Pullman used to teach at my middle school!

chris sallis, Sunday, 6 March 2005 13:48 (twenty-one years ago)

you know, i was talking to a friend about this last night... i don't think i could deal with a HDM movie unless it was TOTALLY genius & amazing--nothing less would satisfy me, and even then, i'm not sure. but a theatrical adaptation makes so much sense, i'm much more interested in seeing this than any possible movie.

s1ocki (slutsky), Sunday, 6 March 2005 18:41 (twenty-one years ago)

nine months pass...
Profile of Pullman in The New Yorker. Recycles his anti-Narnia, anti-Tolkien diatribes. Mentions that the movies are being made, but doesn't give any details.

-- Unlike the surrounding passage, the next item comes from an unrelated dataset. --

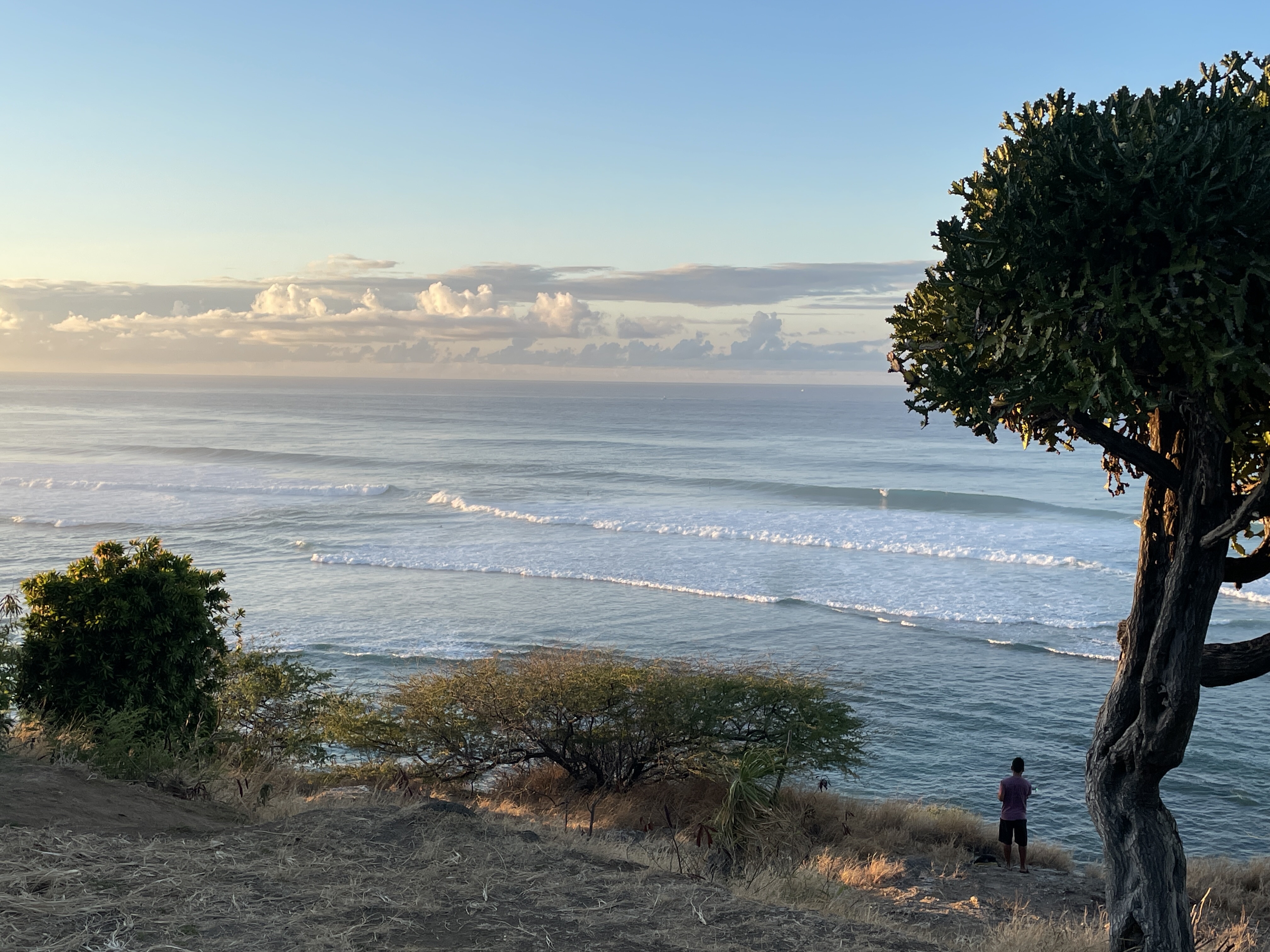 High surf advisories were out this morning. When I went up Diamond Head, I found a lot of surfers checking out the waves. Some were saying the conditions were dangerous and might require some rescues. Not being a surfer, I can’t say, but these are the waves this morning. they do appear larger than on previous days. The guy in the photo is about 300 feet above the ocean.

gypsy mothra (gypsy mothra), Thursday, 22 December 2005 05:43 (twenty years ago)

weitz withdrew as director late last year, though he's still involved with the script - anand tucker (shopgirl) has replaced him. new line was reportedly sweating the god stuff but weitz says he stepped down for technical reasons.

jones (actual), Thursday, 22 December 2005 16:48 (twenty years ago)

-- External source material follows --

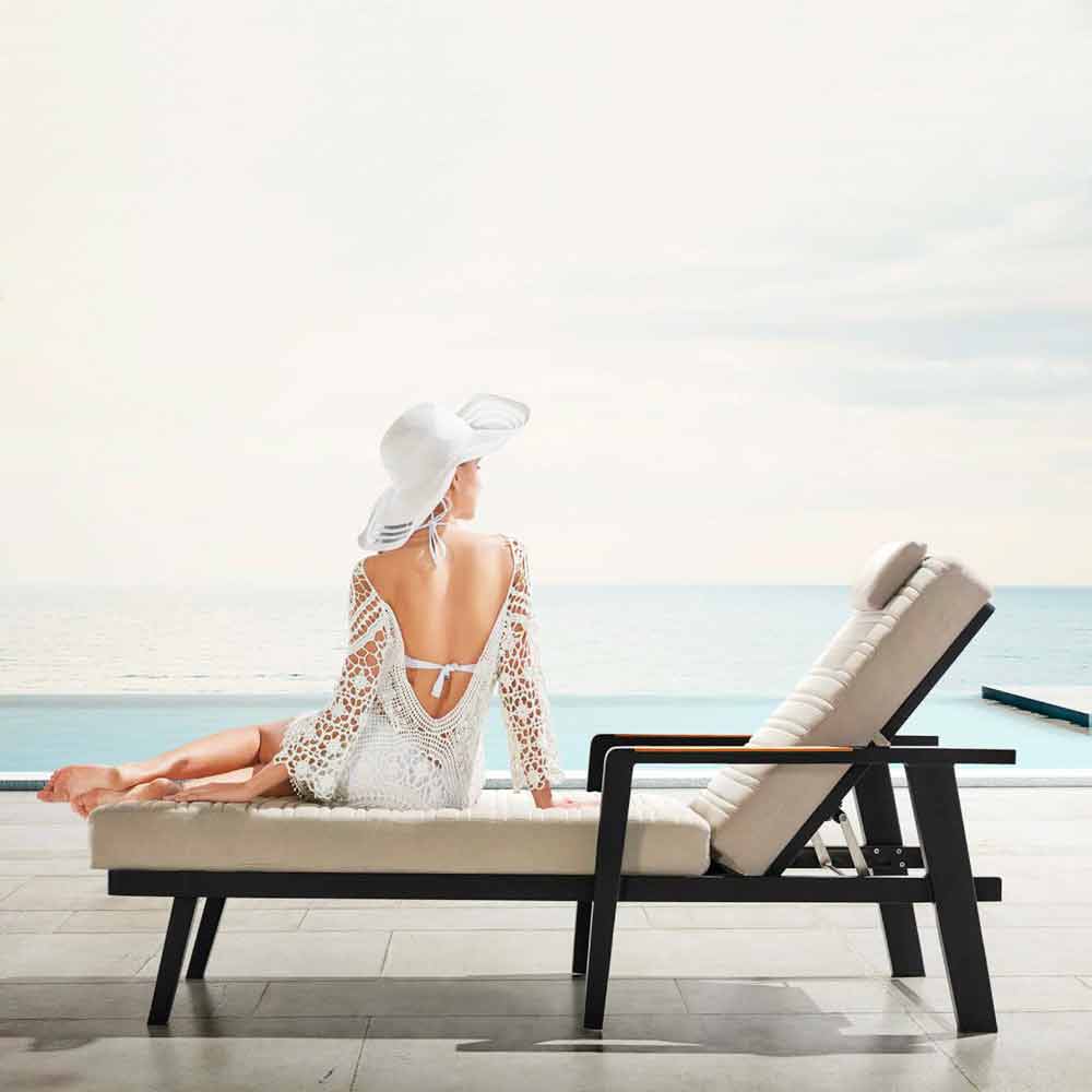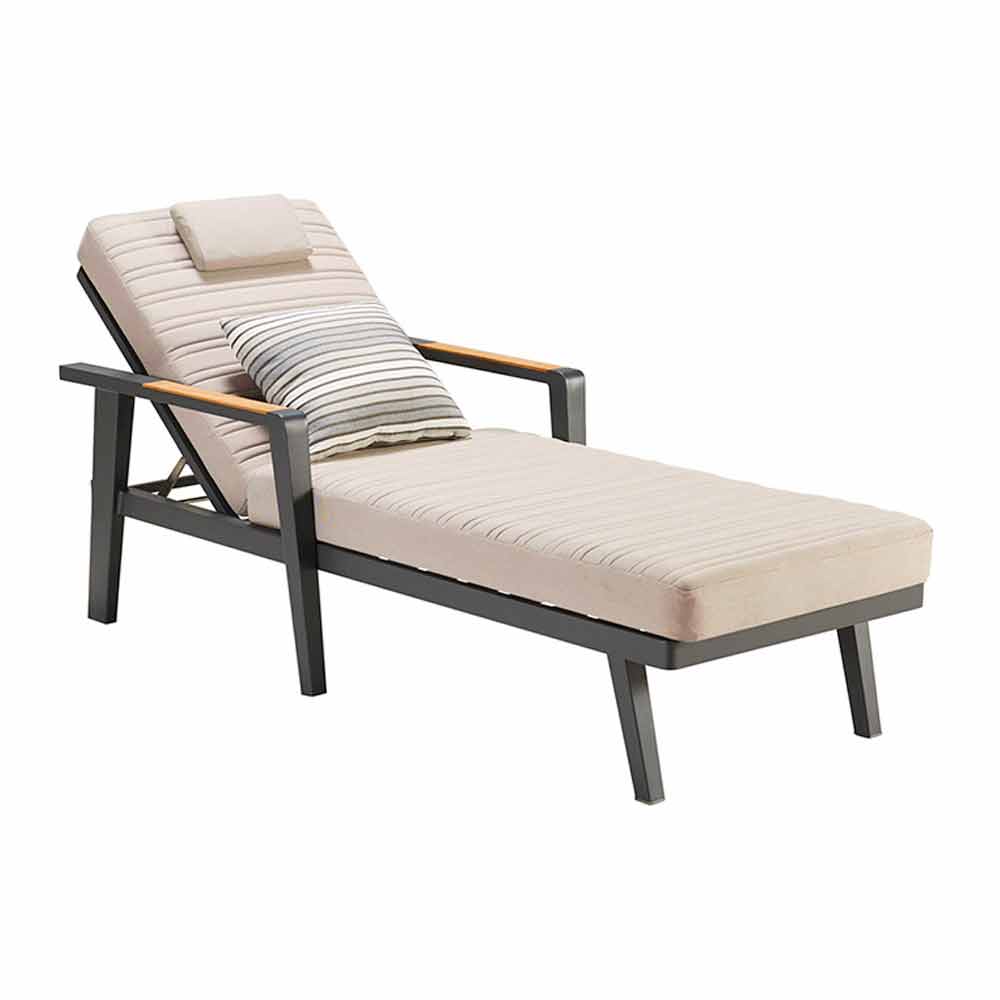 Acest șezlong se caracterizează printr-un design simplu, liniar și elegant. Are o structură din aluminiu acoperit cu pulbere de culoare antracit , cu cotiere de suprafață din lemn de tec.

I don't see how they can monkey with the god stuff much without utterly rewriting the entire plot.

gypsy mothra (gypsy mothra), Thursday, 22 December 2005 17:08 (twenty years ago)

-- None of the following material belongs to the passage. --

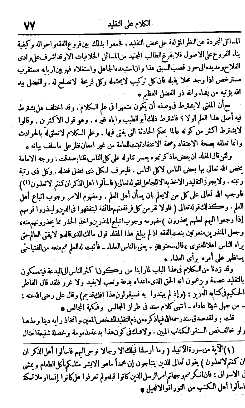 وَلَئِن قَالَ الْمُقَلّد إِن بعض مَا ذكرتموه يعسر تنَاوله على كل النَّاس قُلْنَا صدقت وَوجه الْإِمَامَة يخص الله تَعَالَى بهَا بعض النَّاس لَا كل النَّاس فليعرف لكل ذِي فضل فَضله وكل ذِي رُتْبَة رتبته وَلَا يجوز التَّقْلِيد وَالْأَخْذ بِهِ إِلَّا للجاهل لقَوْله تَعَالَى {فاسألوا أهل الذّكر إِن كُنْتُم لَا تعلمُونَ} فَأوجب الله تَعَالَى على كل من لَا يعلم بِأَن يسْأَل اهل الْعلم وَمَفْهُوم الْأَمر وجوب اتِّبَاع أهل الْعلم وَكَذَلِكَ قَوْله تَعَالَى {فلولا نفر من كل فرقة مِنْهُم طَائِفَة ليتفقهوا فِي الدّين ولينذروا قَومهمْ إِذا رجعُوا إِلَيْهِم لَعَلَّهُم يحذرون} مَفْهُومه وجوب اتِّبَاع الْمُنْذرين وَأخذ الحذر مِمَّا يحذرونهم مِنْهُ وَجعل الْمُنْذرين منعوتين بنعت الْفِقْه إِذْ لم يبلغ هَذَا الْمُقَلّد قَول مَالك الَّذِي قَالَه لَا يُفْتِي الْعَالم حَتَّى يرَاهُ النَّاس أَهلا للْفَتْوَى قَالَ سَحْنُون يَعْنِي بِالنَّاسِ الْعلمَاء فَأثْبت لَهُ الْعلم ثمَّ مَنعه من الْفتيا حَتَّى يستظهر على أمره بِرَأْي الْعلمَاء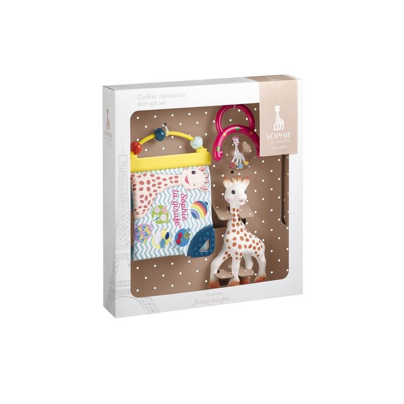 - Livre d’éveil : le premier livre évolutif Sophie la girafe et riche en activités pour éveiller les sens de bébé. De nombreuses activités sont à découvrir: une poignée-boulier avec 3 billes à faire coulisser, une page avec effet « papier froissé », un bruiteur caché sous la tête de Sophie, 4 parties en plastique souple et multi-texturé à mordiller.

Hates Tolkien, dislikes Lewis, excellent.

Erick Dampier is better than Shaq (miloaukerman), Thursday, 22 December 2005 20:00 (twenty years ago)

three weeks pass...
Hmmm... I feel mixed. There was some clumsiness - the entire Army of Lucifer/Asriel and the battle at the end, heavy-handed allegory and there was a tendency to telegraph things that would happen far ahead (ie Lyra's parents, Will's father, etc.).

I was disappointed that Lyra tails off from being the headstrong protagonist to a figure often in need of protection at the hands of her man in the second and third.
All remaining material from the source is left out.